- [EXERCISE AIM]: Leave the pictures out and repeat the rest of the data below exactly.

>>>>

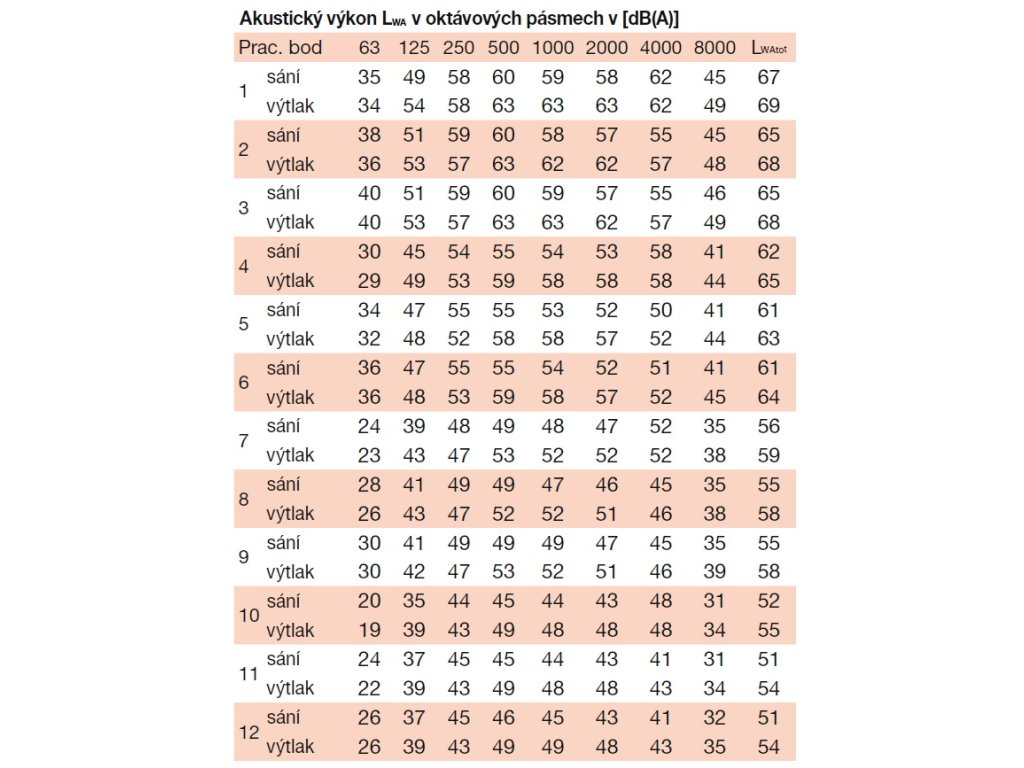 Hluk emitovaný ventilátorem je uveden v tabulkách. Hodnoty LpA na výkonových charakteristikách jsou měřeny ve volném poli na straně sání ve vzdálenosti 1,5 m.
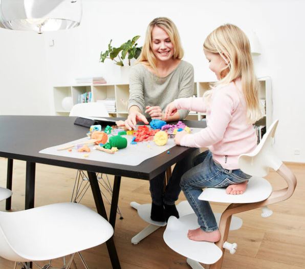 Scandinavian design by world-renowned seating expert Peter Opsvik, who spent his entire career studying what he calls "active sitting". His philosophy is that children need a stable platform for their feet from which to move - so the child will sit actively and varied - but stay seated.
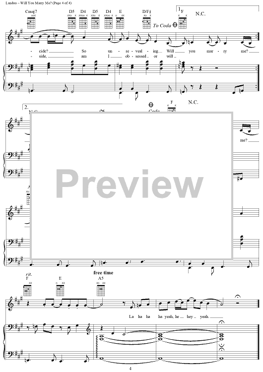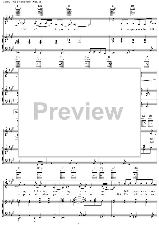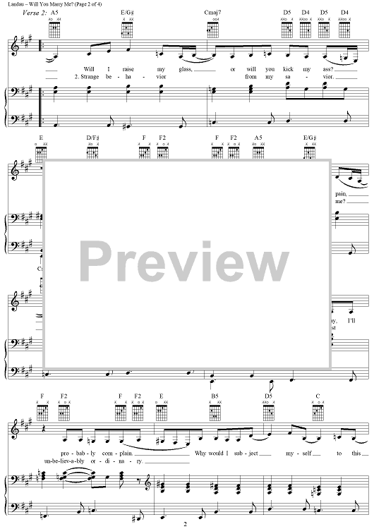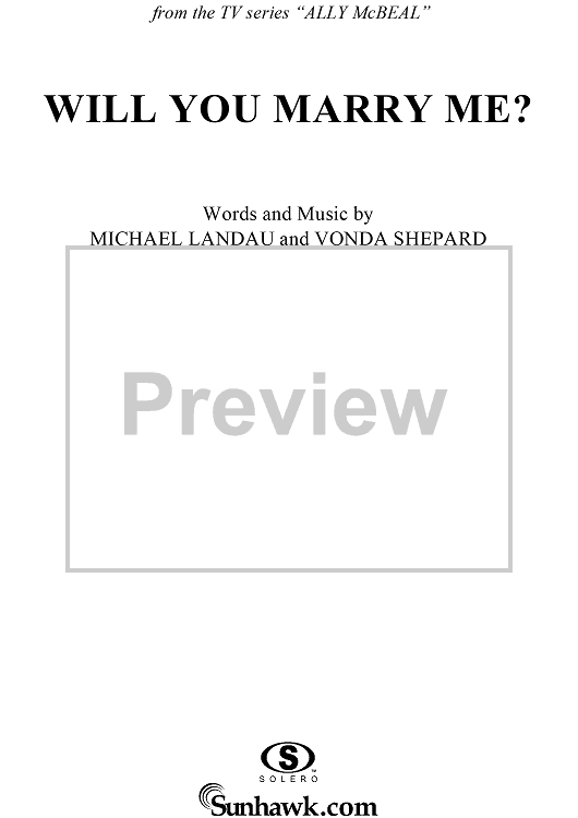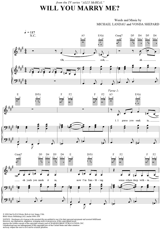 Digital Sheet Music for Will You Marry Me? by Vonda Shepard, Michael Landau scored for Piano/Vocal/Chords; id:240898
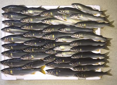 暫く待つと親父さんが⚪️⚪️さんと小生を呼び、年券とお釣りを貰った。その後オトリを選んでオトリ缶に入れる。
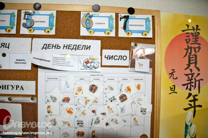 Кроме занятий по книге были и обычные. На информационной доске календарь с животными. Скачала их с кококидс.
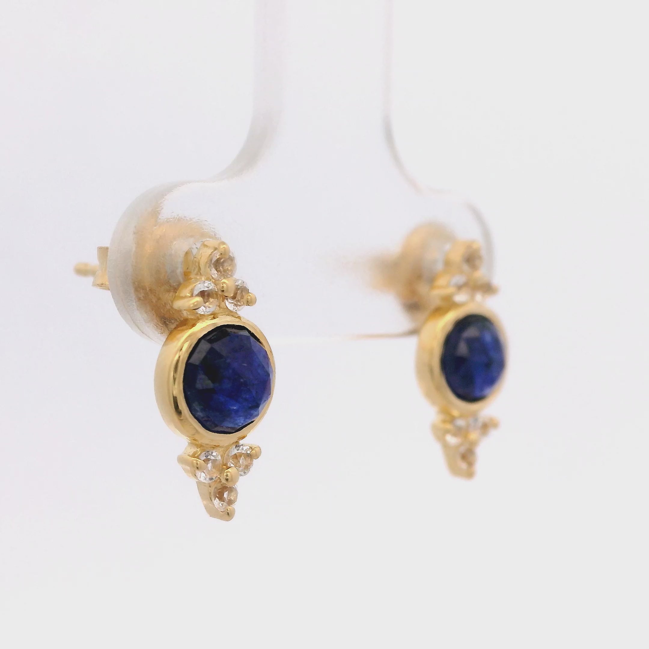 Aretes de Zafiro con Relleno de Vidrio y Puntas de Topacio Blanco en Plata 925 Bañada en Oro.
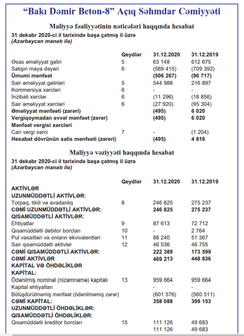 "Bakı Dəmir Beton - 8" ASC 2020-ci ili 495 manat xalis zərər ilə başa vurub. Halbuki, şirkət 2019-cu ili 4816 manat xalis mənfəət ilə bağlamışdı.
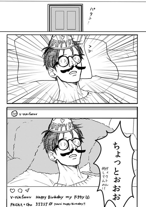 二日遅れの勇利誕生日祝い漫画(後編)です。我が宅のヴィクさんはいつも格好がつかない。再UPです眼鏡忘れてたコマがあったんです…勇利おめでとう!
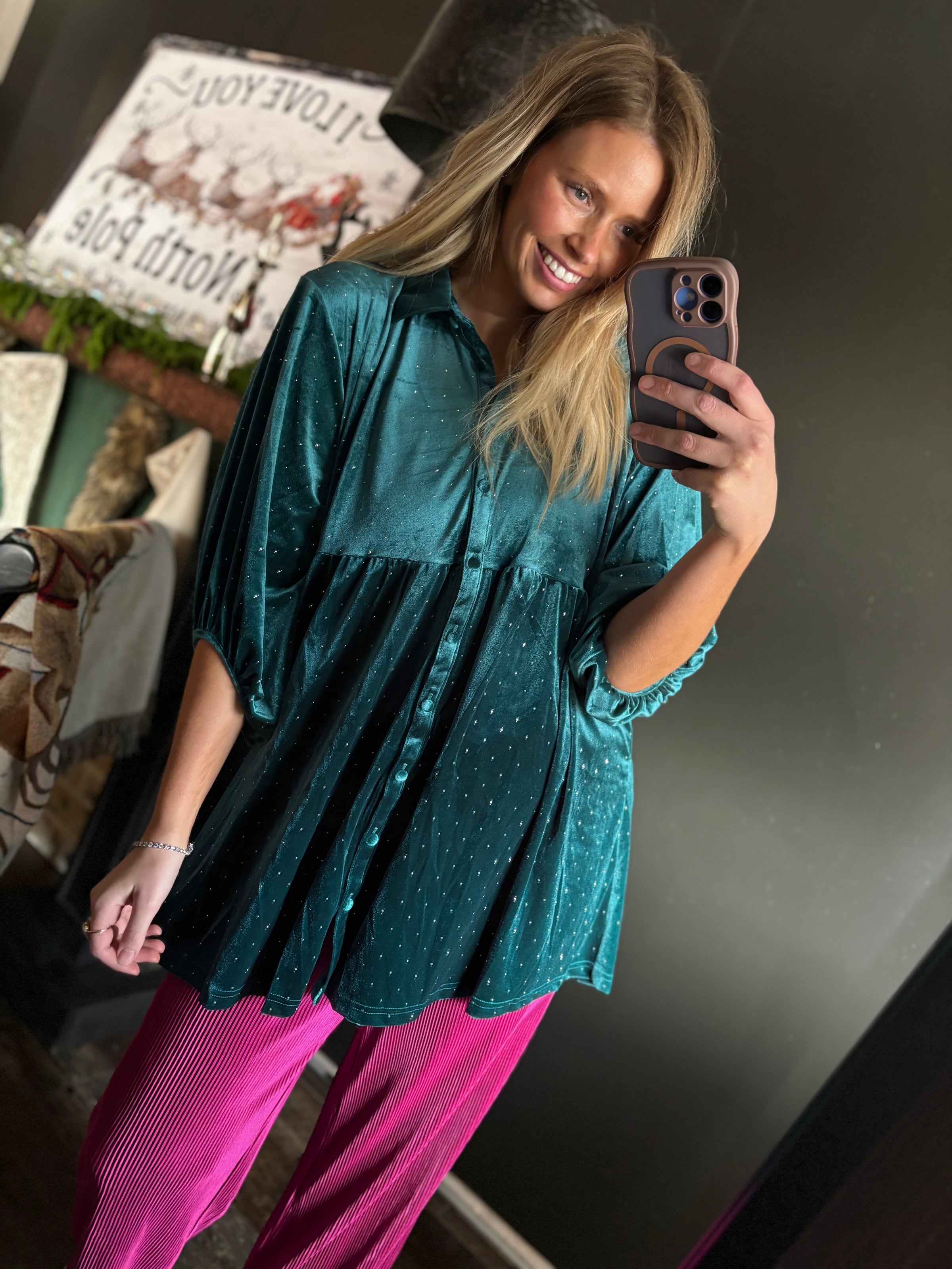 W174 Velvet Green Tunic with Sparkle SKU: Size: Small Small Medium Large Choose Option Small - $28.00 Medium - $28.00 Large - $28.00 Added to Cart View Cart or Continue Shopping. Cart Error Some items became unavailable. Update the quantity and try again. Decrease Quantity Increase $28.00 $28.00 On Sale Now Sold Out Add to Cart This item is a recurring or deferred purchase. By continuing, I agree to the cancellation policy and authorize you to charge my payment method at the prices, frequency and dates listed on this page until my order is fulfilled or I cancel, if permitted. Share Facebook Twitter Pinterest
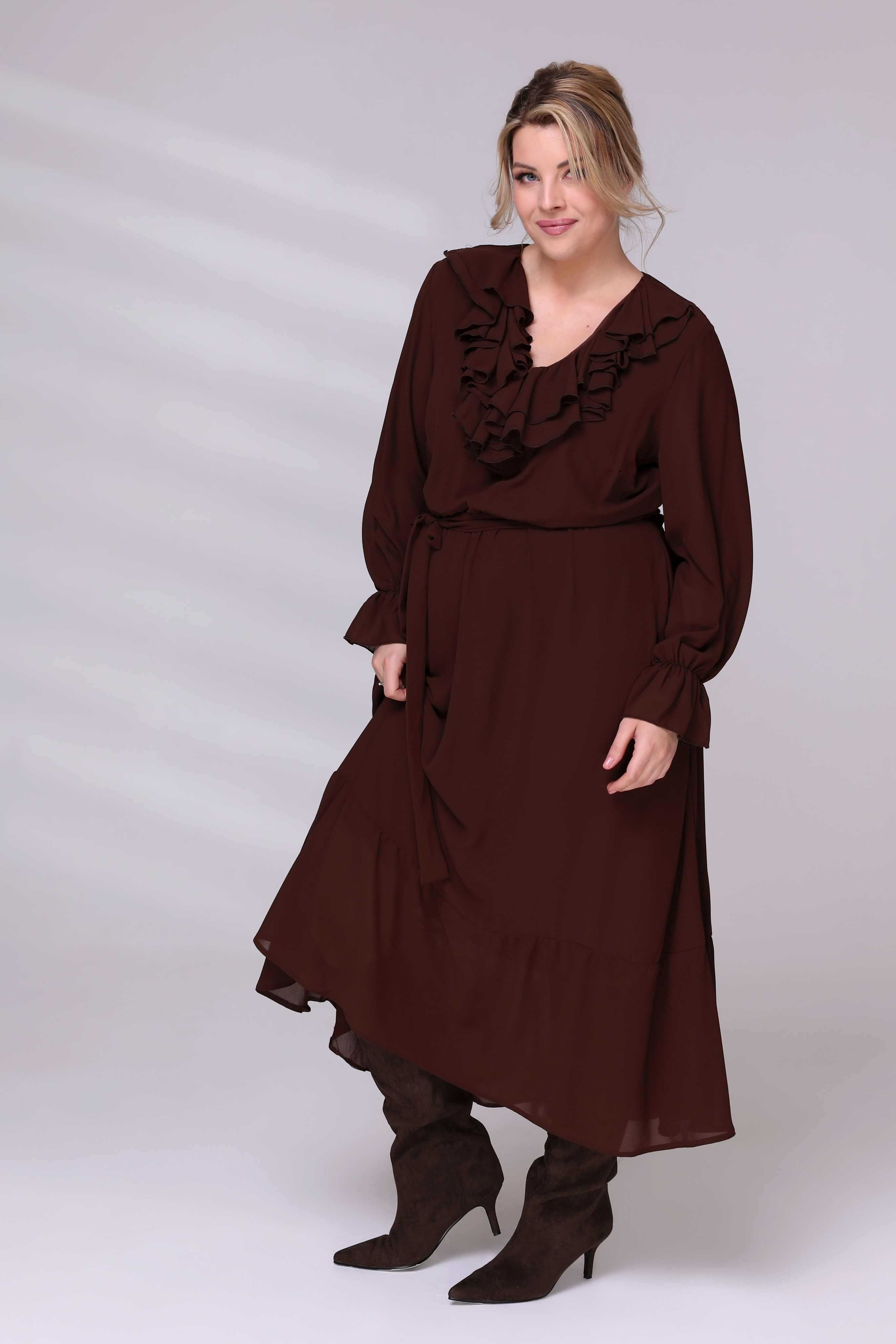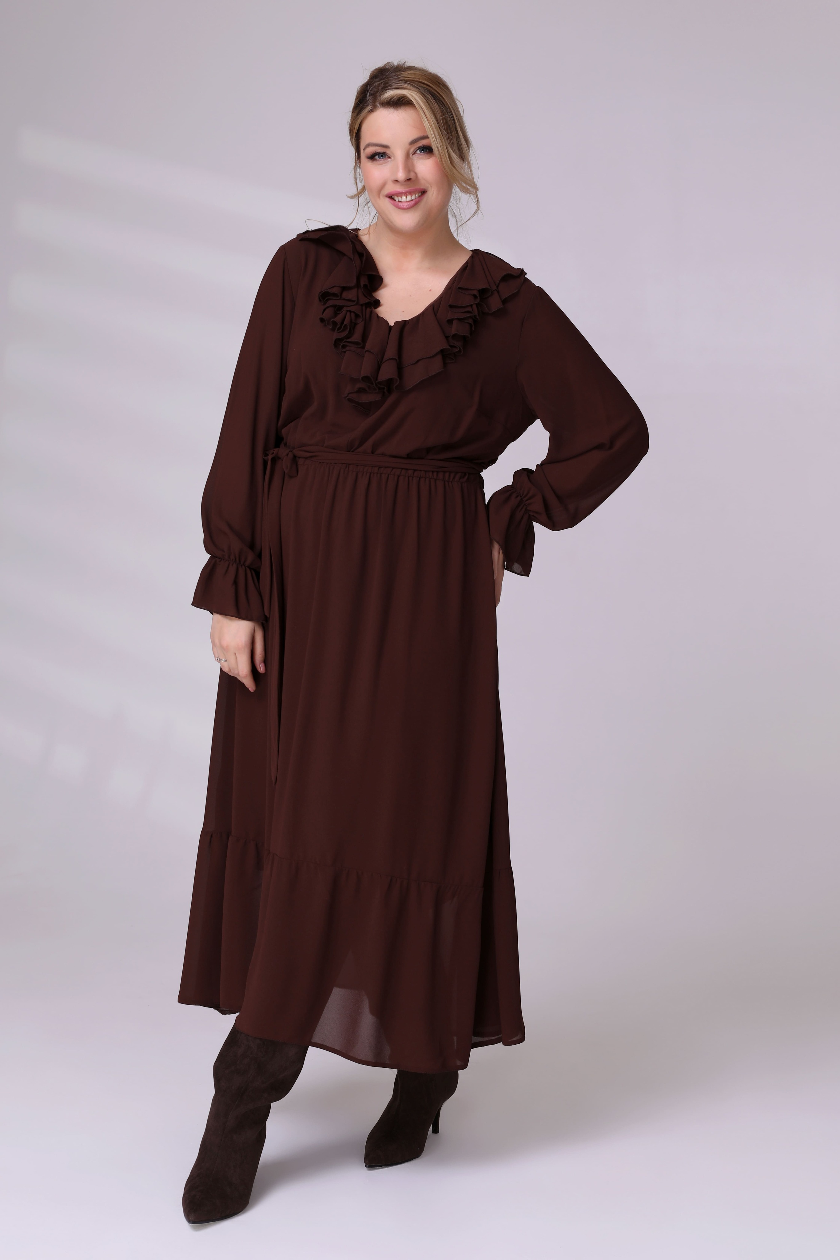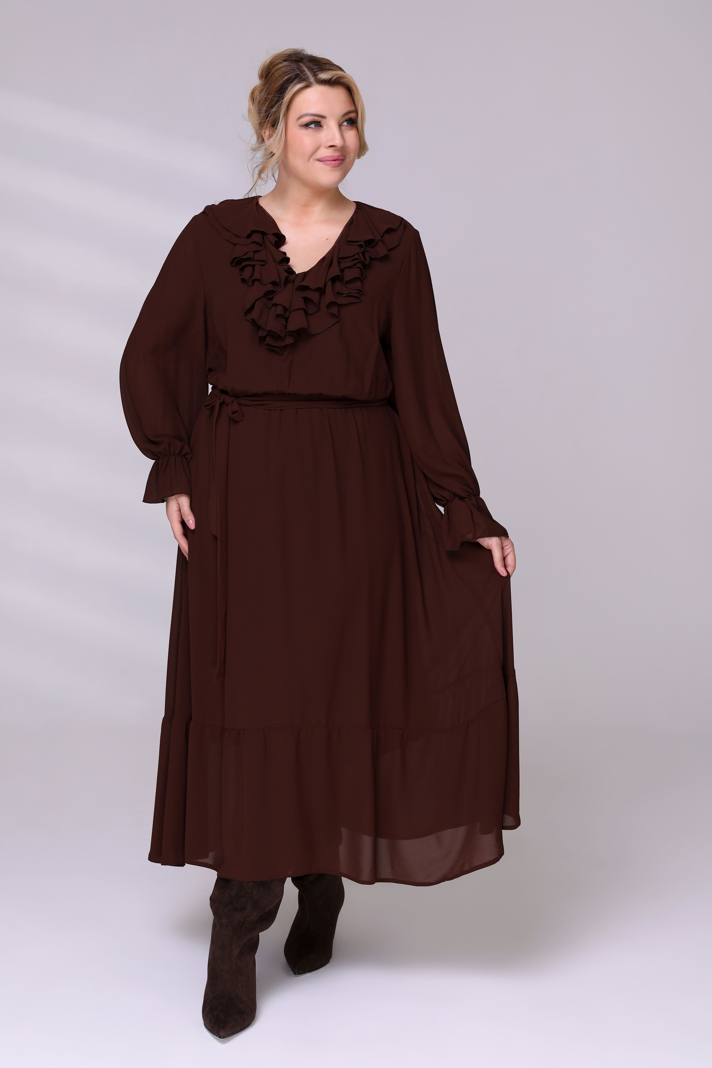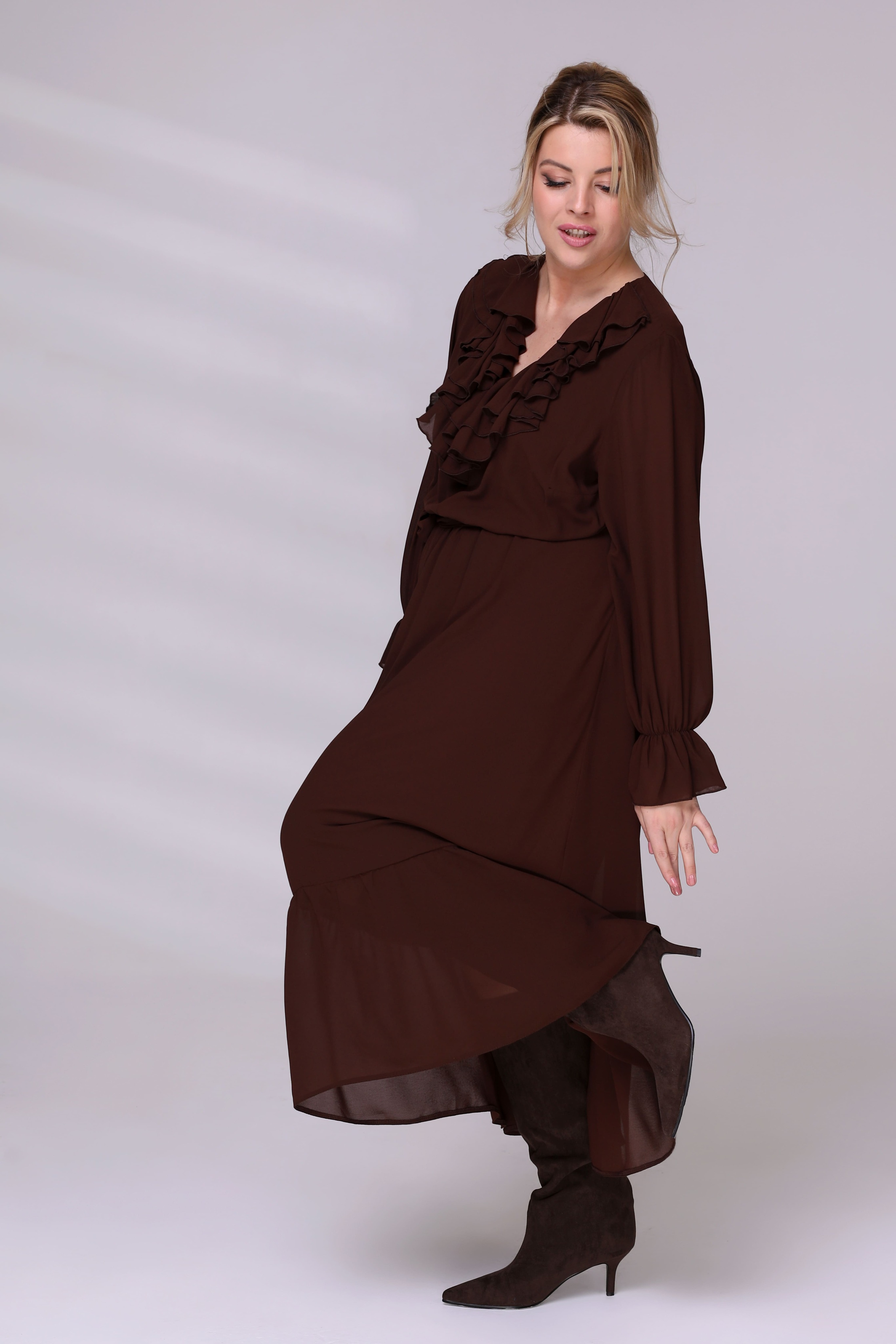 Платье на резинке с рюшами на вороте коричневое

<<<<

- [EXPECTED ANSWER]:
 Hluk emitovaný ventilátorem je uveden v tabulkách. Hodnoty LpA na výkonových charakteristikách jsou měřeny ve volném poli na straně sání ve vzdálenosti 1,5 m.
 Scandinavian design by world-renowned seating expert Peter Opsvik, who spent his entire career studying what he calls "active sitting". His philosophy is that children need a stable platform for their feet from which to move - so the child will sit actively and varied - but stay seated.
 Digital Sheet Music for Will You Marry Me? by Vonda Shepard, Michael Landau scored for Piano/Vocal/Chords; id:240898
 暫く待つと親父さんが⚪️⚪️さんと小生を呼び、年券とお釣りを貰った。その後オトリを選んでオトリ缶に入れる。
 Кроме занятий по книге были и обычные. На информационной доске календарь с животными. Скачала их с кококидс.
 Aretes de Zafiro con Relleno de Vidrio y Puntas de Topacio Blanco en Plata 925 Bañada en Oro.
 "Bakı Dəmir Beton - 8" ASC 2020-ci ili 495 manat xalis zərər ilə başa vurub. Halbuki, şirkət 2019-cu ili 4816 manat xalis mənfəət ilə bağlamışdı.
 二日遅れの勇利誕生日祝い漫画(後編)です。我が宅のヴィクさんはいつも格好がつかない。再UPです眼鏡忘れてたコマがあったんです…勇利おめでとう!
 W174 Velvet Green Tunic with Sparkle SKU: Size: Small Small Medium Large Choose Option Small - $28.00 Medium - $28.00 Large - $28.00 Added to Cart View Cart or Continue Shopping. Cart Error Some items became unavailable. Update the quantity and try again. Decrease Quantity Increase $28.00 $28.00 On Sale Now Sold Out Add to Cart This item is a recurring or deferred purchase. By continuing, I agree to the cancellation policy and authorize you to charge my payment method at the prices, frequency and dates listed on this page until my order is fulfilled or I cancel, if permitted. Share Facebook Twitter Pinterest
 Платье на резинке с рюшами на вороте коричневое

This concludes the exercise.